## EXERCISE
Entries follow. Give back exactly the lines starting at the one containing "2023年6月25日,乌鲁木" and ending at the one containing "その他詳細 | 天然皮革に関してはワシントン条約を元に適正に輸入された商品を販売しています。", and no other lines.

## GIVEN RECORDS
##########
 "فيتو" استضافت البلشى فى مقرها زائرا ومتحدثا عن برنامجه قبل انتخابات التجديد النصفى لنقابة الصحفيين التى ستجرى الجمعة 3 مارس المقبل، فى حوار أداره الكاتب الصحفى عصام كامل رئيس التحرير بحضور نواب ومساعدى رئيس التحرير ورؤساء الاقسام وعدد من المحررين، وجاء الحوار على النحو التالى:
##########
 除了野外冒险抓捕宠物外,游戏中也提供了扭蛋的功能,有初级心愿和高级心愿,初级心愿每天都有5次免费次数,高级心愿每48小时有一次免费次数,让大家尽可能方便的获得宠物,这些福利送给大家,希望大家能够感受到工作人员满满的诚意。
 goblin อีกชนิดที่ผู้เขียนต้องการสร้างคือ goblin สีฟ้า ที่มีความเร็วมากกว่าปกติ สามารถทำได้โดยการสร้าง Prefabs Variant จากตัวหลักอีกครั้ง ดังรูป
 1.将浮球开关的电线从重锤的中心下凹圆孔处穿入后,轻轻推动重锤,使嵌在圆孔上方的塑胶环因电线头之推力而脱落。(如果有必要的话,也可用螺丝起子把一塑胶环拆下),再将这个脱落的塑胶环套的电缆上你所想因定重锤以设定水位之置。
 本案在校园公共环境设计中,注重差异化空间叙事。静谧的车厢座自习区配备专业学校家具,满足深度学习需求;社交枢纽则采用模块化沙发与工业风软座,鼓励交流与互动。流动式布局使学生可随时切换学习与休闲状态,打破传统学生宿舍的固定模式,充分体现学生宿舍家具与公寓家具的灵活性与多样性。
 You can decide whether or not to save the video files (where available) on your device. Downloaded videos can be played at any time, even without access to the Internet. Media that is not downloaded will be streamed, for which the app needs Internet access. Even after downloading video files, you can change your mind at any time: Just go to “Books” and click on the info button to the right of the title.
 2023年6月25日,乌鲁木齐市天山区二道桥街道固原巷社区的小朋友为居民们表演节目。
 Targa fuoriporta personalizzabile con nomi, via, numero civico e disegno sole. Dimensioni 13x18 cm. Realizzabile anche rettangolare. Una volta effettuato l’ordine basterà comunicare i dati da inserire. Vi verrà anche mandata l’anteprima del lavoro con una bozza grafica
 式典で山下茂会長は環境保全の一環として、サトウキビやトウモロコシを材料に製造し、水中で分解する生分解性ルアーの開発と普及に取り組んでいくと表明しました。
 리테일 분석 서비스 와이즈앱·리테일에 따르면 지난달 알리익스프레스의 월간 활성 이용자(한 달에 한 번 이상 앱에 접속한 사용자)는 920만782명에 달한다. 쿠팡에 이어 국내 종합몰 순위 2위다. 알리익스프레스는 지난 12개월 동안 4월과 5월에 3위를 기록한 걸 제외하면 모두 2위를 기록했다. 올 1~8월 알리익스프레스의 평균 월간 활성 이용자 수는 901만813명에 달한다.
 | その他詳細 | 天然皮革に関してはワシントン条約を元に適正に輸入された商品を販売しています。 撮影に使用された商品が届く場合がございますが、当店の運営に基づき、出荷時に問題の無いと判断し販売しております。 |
##########
## ANSWER
 2023年6月25日,乌鲁木齐市天山区二道桥街道固原巷社区的小朋友为居民们表演节目。
 Targa fuoriporta personalizzabile con nomi, via, numero civico e disegno sole. Dimensioni 13x18 cm. Realizzabile anche rettangolare. Una volta effettuato l’ordine basterà comunicare i dati da inserire. Vi verrà anche mandata l’anteprima del lavoro con una bozza grafica
 式典で山下茂会長は環境保全の一環として、サトウキビやトウモロコシを材料に製造し、水中で分解する生分解性ルアーの開発と普及に取り組んでいくと表明しました。
 리테일 분석 서비스 와이즈앱·리테일에 따르면 지난달 알리익스프레스의 월간 활성 이용자(한 달에 한 번 이상 앱에 접속한 사용자)는 920만782명에 달한다. 쿠팡에 이어 국내 종합몰 순위 2위다. 알리익스프레스는 지난 12개월 동안 4월과 5월에 3위를 기록한 걸 제외하면 모두 2위를 기록했다. 올 1~8월 알리익스프레스의 평균 월간 활성 이용자 수는 901만813명에 달한다.
 | その他詳細 | 天然皮革に関してはワシントン条約を元に適正に輸入された商品を販売しています。 撮影に使用された商品が届く場合がございますが、当店の運営に基づき、出荷時に問題の無いと判断し販売しております。 |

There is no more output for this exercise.